Hillsdale Offers Cooking Classes with a Twist
- by Guest
For National Nutrition Month, the Bon Appétit team at Hillsdale College in Hillsdale, MI, got busy crafting a unique cooking class experience.
Catering Manager Rhula Mitcheltree led a cooking class featuring cuisine she ate (and made) growing up in Palestine (she also lived in the Canary Islands and Nigeria), with a healthy twist.
The Levantine-inspired menu consisted of tahini beet dip, turkey kofta, fattoush salad with sumac, whole-wheat pitas, and a hearty and flavorful freekeh, which is low in carbohydrates and four times higher in fiber than brown rice. (Freekeh also has more vitamins and minerals than your average grain and acts as a prebiotic. Students were amazed at the health benefits of this uncommon whole grain, even inquiring as to where they could purchase it!) Rhula also introduced them to a unique dessert, similar to a panna cotta, which was infused with orange blossom water and topped with a lemon-honey simple syrup and toasted pistachios.

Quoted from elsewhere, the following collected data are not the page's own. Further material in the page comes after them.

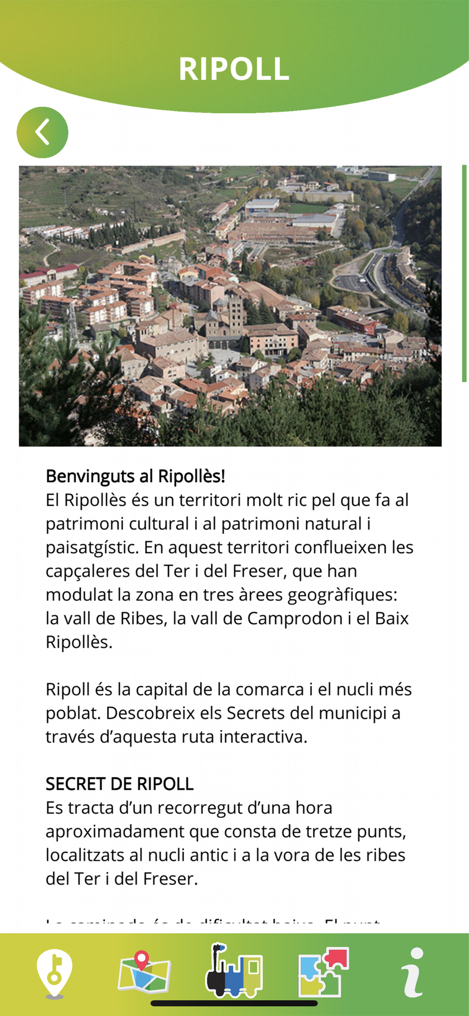 L’aplicació us servirà com a guia per recórrer les rutes proposades, fruit del treball conjunt amb els ajuntaments dels municipis i altres agents del territori.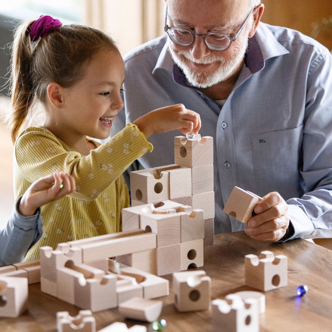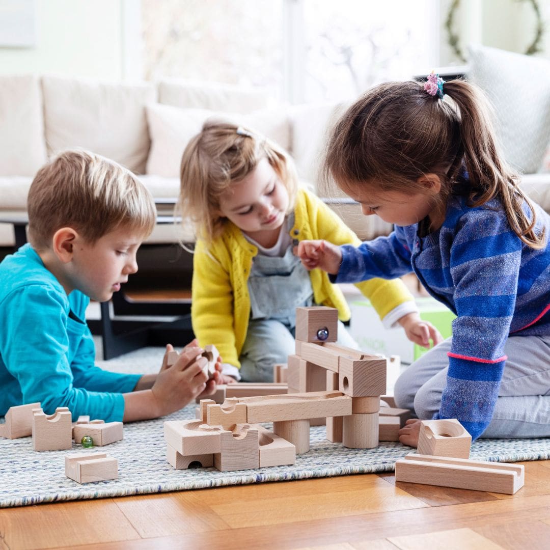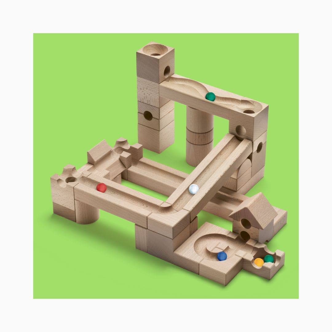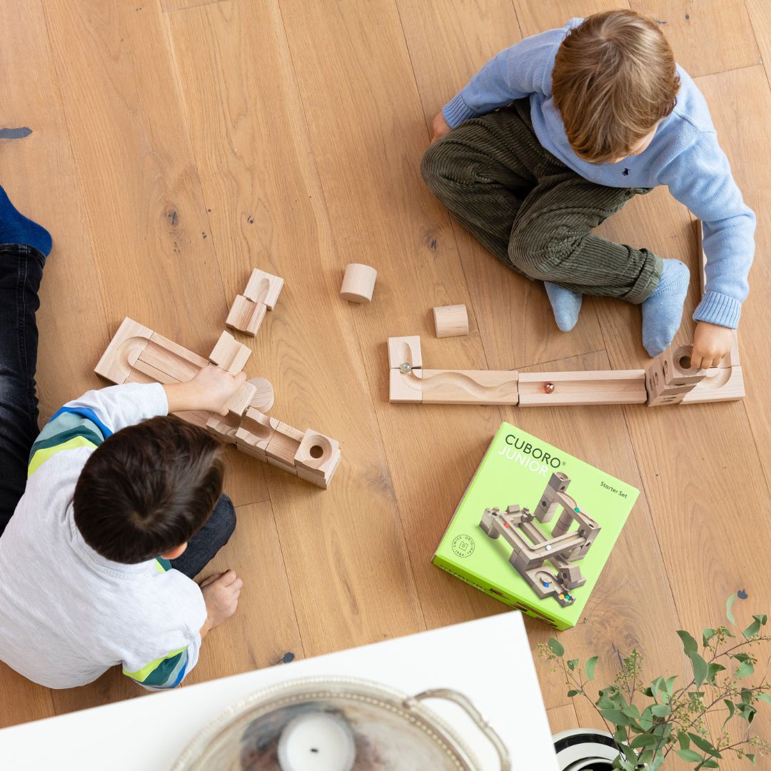 De CUBORO JUNIOR is de perfecte starter set voor kinderen vanaf 3 jaar. Met de houten kubussen en rails maak je de mooiste knikkerbanen. Knikkers die naar beneden rollen en dan ontdekken wat er gebeurt, is fascinerend voor kinderen. De 40 houten elementen dagen jou en je kind uit om logisch na te denken en te experimenteren. Zodra de knikkerbaan eenmaal staat, heb je een waar spektakelstuk staan. Knikkerbaan klaar? Knikkeren maar!
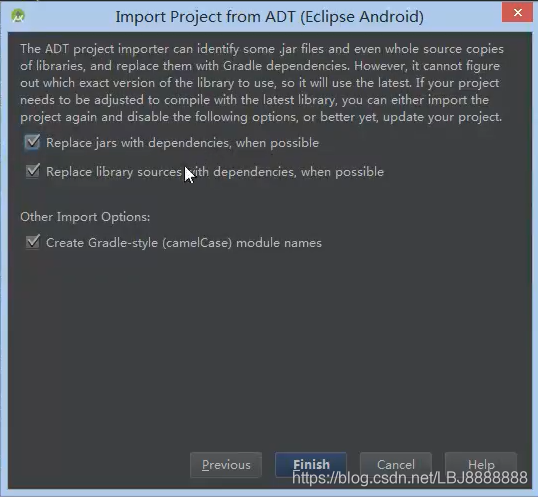 剩下的是finish即可,里面会提示:原本的eclipse是依赖一些jar包关系库去开发,现在的安卓开发会换成dependencies去开发

Wearing Bon Appétit ballcaps borrowed from the uniform supply, the students learned how to make everything, through a combination of demonstrations and hands-on mixing, rolling, and shaping. When everything was ready, they brought all of the food out to a preset table, eating family style while Rhula answered questions about her career, her favorite dishes, and how healthy eating is based on the kind of menu they were currently enjoying, full of whole grains, healthy fats, and a lot of vegetables.
A few weeks later, the Hillsdale team hosted its last cooking class of the school year, in which Sous Chef Danny Fuentes focused on the street taco. From the pico de gallo and guacamole to the tacos, the attendees got to make everything.
Danny demonstrated proper and safe knife handling including tips about how to quickly cut an onion and safely remove the pit from an avocado. He explained the marinade for the hanger steak tacos, which are simple and easy to make at home, then requested a student help him grill the steaks. He gave helpful tips on cooking meat and which temperatures correspond to what “doneness.” While the meat was finishing in the oven, the students took a tour of the rest of the kitchen.
Dessert was sopapillas (pillow-shaped fried pastry dough). Danny had prepared the dough in advance, and some students were able to fry up their own, tossing them in a simple cinnamon sugar mixture. Everyone then sliced up the steak and crafted their tacos, adding the queso fresco and cilantro. Then it was time to sit down at the “family table” to enjoy the fruits of their labor.